Rieger, Carl Heinrich - Kurze Betrachtungen über die Psalmen - Der 56. Psalm.
1. Ein goldenes Kleinod Davids, von der stummen Taube unter den Fremden, da ihn die Philister griffen zu Gath. 2. GOtt, sei mir gnädig, denn Menschen wollen mich versenken; täglich streiten sie und ängsten mich. 3. Meine Feinde versenken mich täglich; denn viele streiten wider mich stolziglich. 4. Wenn ich mich fürchte, so hoffe Ich auf dich. 6. Ich will GOttes Wort rühmen; auf GOtt will ich hoffen, und mich nicht fürchten; was sollte mir Fleisch tun? 6. Täglich fechten sie meine Worte an; alle ihre Gedanken sind, dass sie mir Übels tun. 7. Sie halten zuhauf und lauern, und haben Acht auf meine Fersen, wie sie meine Seele erhaschen. 8. Was sie Böses tun, das ist schon vergeben. GOtt, stoße solche Leute ohne alle Gnade hinunter. 9. Zähle meine Flucht, fasse meine Tränen in deinen Sack. Ohne Zweifel du zählst sie. 10. Dann werden sich meine Feinde müssen zurückkehren, wenn ich rufe; so werde ich inne, dass du mein GOtt bist. 11. Ich will rühmen GOttes Wort, ich will rühmen des HErrn Wort. 12. Auf GOtt hoffe ich, und fürchte mich nicht; was können mir die Menschen tun? 13. Ich habe dir, GOtt, gelobt, dass ich dir danken will. 14. Denn du hast meine Seele vom Tode errettet, meine Füße vom Gleiten, dass ich wandeln mag vor GOtt im Licht der Lebendigen.

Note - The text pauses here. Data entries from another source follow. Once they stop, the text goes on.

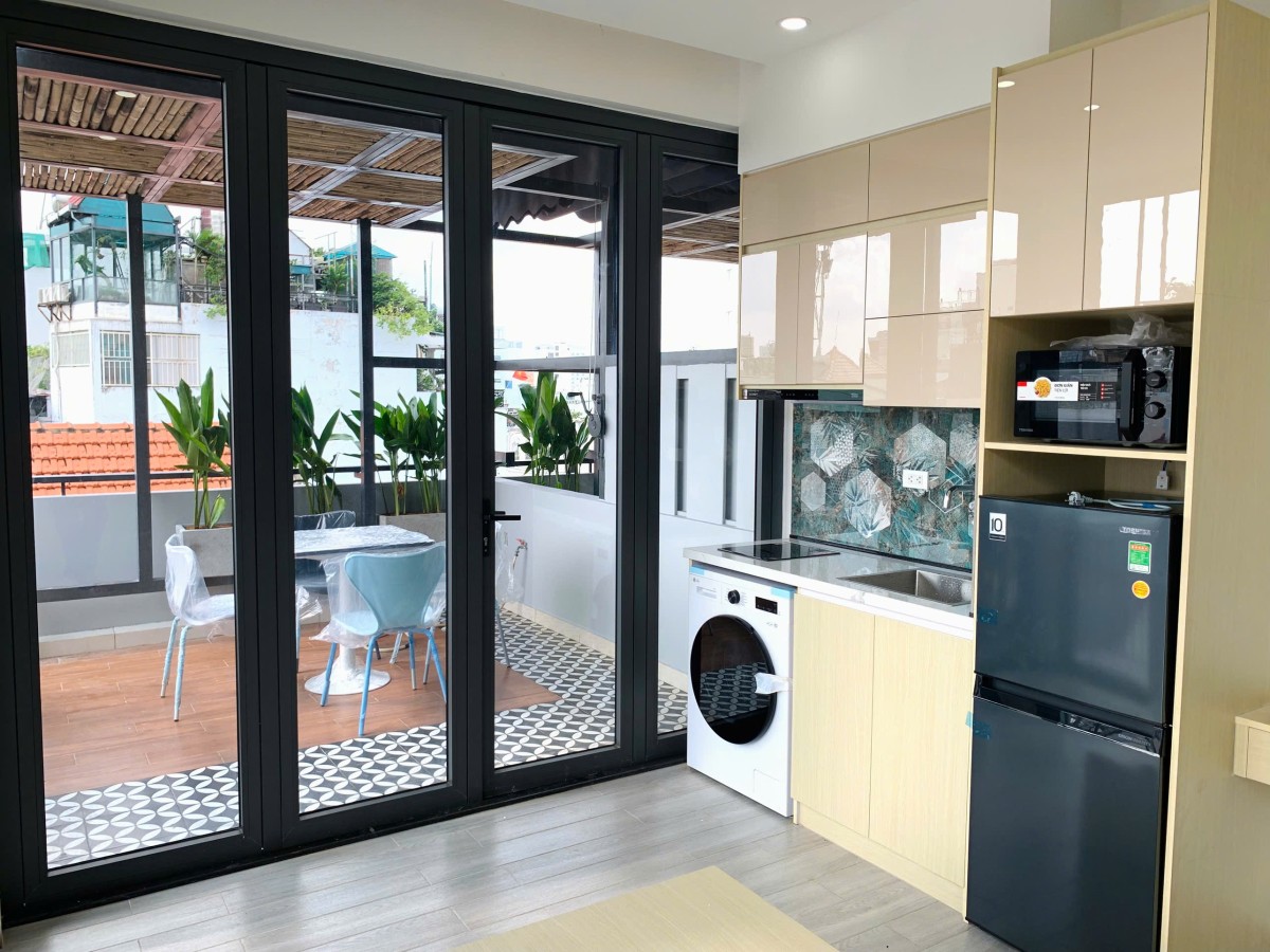 Nội thất mới tinh: Giường, nệm, tủ quần áo, máy lạnh, tủ lạnh, bếp, máy giặt, máy nước nóng… tất cả đều mới 100%.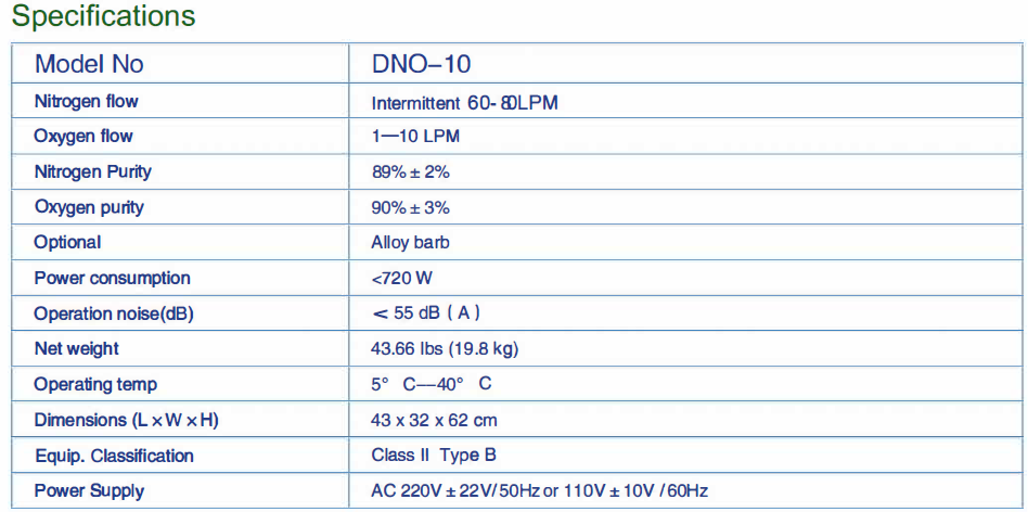 SPECIFICATIONS FOR DYNMED 10L Low OXYGEN CONCENTRATOR
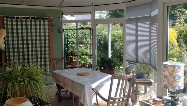 Le petit-déjeuner bio est servi dans la véranda ensoleillée, face au jardin fleuri (en saison).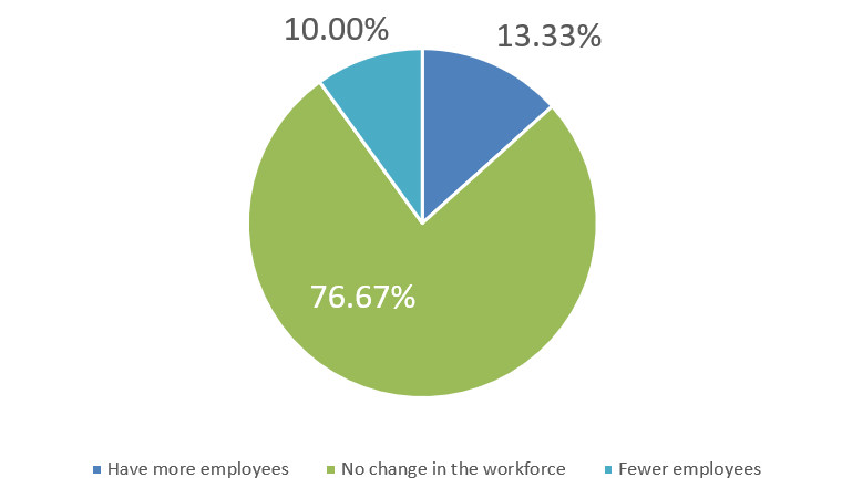Over the course of the next few months, will your company be hiring more employees, fewer employees, or making no change in the workforce?

Der 56. Psalm hat 1) in seiner Überschrift die Veranlassung, aus welcher der Psalm gemacht ist: Ein goldenes Kleinod Davids von den stummen Tauben unter den Fremden, da ihn die Philister griffen zu Gath. Dieser Umstand ist entweder in dem Leben Davids nicht ausführlich bemerkt, oder geht es auf das, was ihm 1. Buch Sam. 29,4. wiederfahren ist. Im Psalm selber ist nun das erste 2) Davids eindringliche Seufzer, V. 2. 3) Seine bewegliche Klage über Sauls Verfolgungen, durch die er so in die Fremde getrieben worden, V. 3. 4) Dazwischen hinein erzählt er etwas von seiner gläubigen Fassung darunter, V. 4. 5) Sodann fährt er fort, nun auch über die Bedrängnisse zu klagen, die ihm von den Philistern sind angetan worden, V. 6-8. 6) Er erneuert sich auch hierüber vor GOtt auf seinem sonst bezeugten Glaubensgrund, V. 9-12. Er verpflichtet sich zu öffentlichem Dank für die erfahrene Hilfe GOttes, V. 114. David hat es also auch erfahren, wie bei der Zuversicht und Freudigkeit, auch Furcht mit unterlaufen kann. Wenn ich mich fürchte, sagt er, und doch auch: so hoffe ich auf dich. Der HErr JEsus selbst war in Seinem Leiden nicht ohne Furcht, Ebr. 5,7. Desto größer aber ist die Geduld, die durchbricht und über dem Wort GOttes und Gebet hält. Die Furcht wird erst bös, wenn sie einem das Wort GOttes vernichtet. Aber, wo man wie David gleich das Wort der Geduld ergreift, und darüber hält, ich will GOttes Wort rühmen, da wird die Furcht überwunden, oder was davon übrig bleibt, fordert einem vielmehr der Weg der Geduld ab. Denn da muss man sichs gefallen lassen, dass die Hilfe GOttes nicht so eilends hereinbricht, sondern dass einem nur ein Wort GOttes zum Trost angeboten wird. Wie sich nun einer gegen dem Wort GOttes verhält; so hat er es zu genießen oder zu entgelten. Wer mit David GOttes Wort rühmt, mit dem Trost durch das Wort einstweilen vorlieb nimmt, der kann die Furcht überwinden, und die Hilfe abwarten. Wer aber allen ungläubigen Ausflüchten gegen das Wort GOttes Gehör gibt, und sich das Sitzen bei diesem, oft in einem dunklen Ort scheinenden Licht, verdrießlich werden lässt, der bricht das mit die Verbindung zwischen dem Herzen GOttes und seinem Herzen ab, und wird in seines Herzens Dunkel gelassen.